LET THE VACATION BEGIN!
Here are a few highlights:
Miniature Golf
Miniature golf began like every other fun-filled family activity, with smiles and good intentions.
Then, like every other fun-filled family activity, it quickly unraveled …
It could have been her ball was the wrong shade of pink, or that I opened her water bottle even though she’s “…A KINDERGARTNER NOW AND NOT A BABY!” I can’t remember, I just know that we decided to ignore her, hoping she’d get out of her funk.
It was somewhere around hole #12 that I no longer sensed her intense anger trying to ignite my body with the heat of a thousand suns. In fact, I felt nothing but a cool breeze- and that’s how I knew she was gone.
Panicked, we quickly spread out in a familiar and often executed Search & Rescue Arc Formation, sweeping the perimeter and conducting a thorough search as we returned to home base.
At approximately 1:07 pm, she was found in a roped off area, sitting on a mushroom and contemplating her awful, unfair life.
Lunch Date
My mother-in-law was kind enough to take the kids to the pool so Brian and I could go on a romantic lunch date….apparently with this lady.
OMG! The moment we were seated, this lady turns towards me, leans into our table likes she’s about to tell me a secret, and starts reading a book! ARE YOU KIDDING ME? I’d rather hear the secret.
At one point, our table cloth interfered with her pages.

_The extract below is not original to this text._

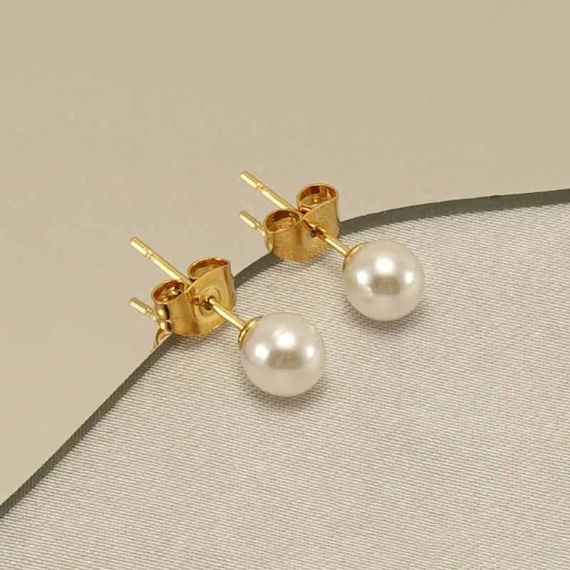 Luxury European and American Fashion Ball Earrings Simple Style Glossy Round Bead Stud Earring for Women

Do these things happen to other people or do I unknowingly cast some kind of crazy net?
Tennis
Brian’s mom had a tennis date with 2 other players and Brian offered to play as the 4th. He then proceeded to talk smack to his 70 year old competitors, throwing comments like “I’m going to run circles around you!” and “Bring it on, old man!” His competitiveness has no limits…or tact.
Not so secretly, I was hoping they’d kick his ass, proving that you can’t judge a book by its cover and that age is just a number and all that crap. Unfortunately, he was terrific.
The Bay
We decided to forgo the Labor Day beach crowd and drove to the bay.

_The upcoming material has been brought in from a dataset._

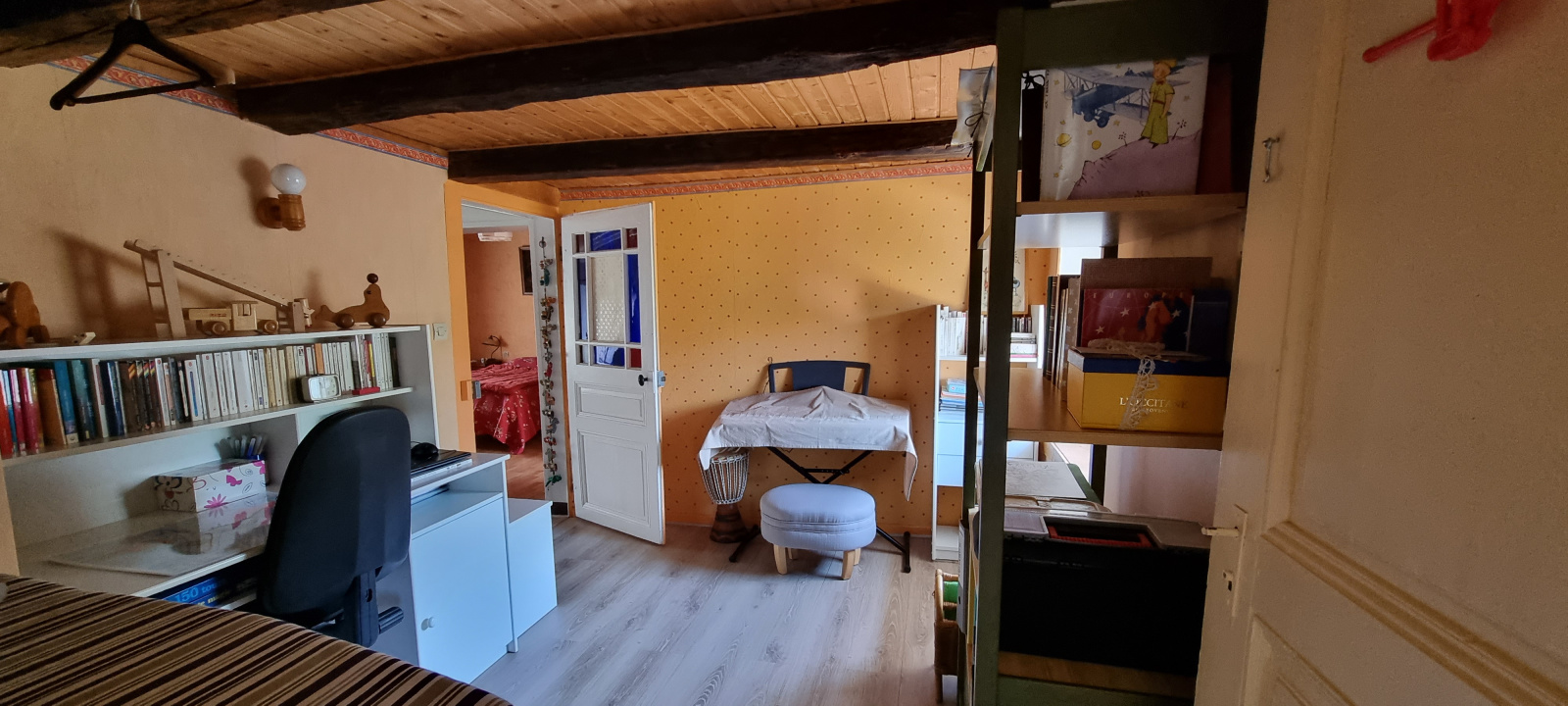 Au premier étage : deux chambres, 1 bureau, une pièce, un petit salon.

“Hey, this place is great! Why don’t we come here more often? Wait, what’s that smell?”
If you look behind Brian, you’ll notice a pile of dead and decaying horseshoe crabs who had washed on the shore to mate…then die.

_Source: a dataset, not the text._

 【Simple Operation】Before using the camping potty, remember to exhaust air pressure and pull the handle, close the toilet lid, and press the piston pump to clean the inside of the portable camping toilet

Prehistoric ‘sex on the beach”
Funland on the boardwalk
The blur of this picture captures the way Funland makes me feel- chaotically crazed. In fact, I picture Hell as one long carnival ride line, teenagers pushing and shoving while little kids lick rusty railings and drip ice cream on my feet.
But then I look at this face and think “It’s all worth it.”
On The Way Home
Someone mentioned the word “nuts”, someone else thought they said “donuts”, and suddenly we were using the gps to track down the best donut shops in Dover, Delaware- thus, the 2014 “Fatty Detour” was born.
*Did you know there’s a Dunkin Donuts almost every 2 miles?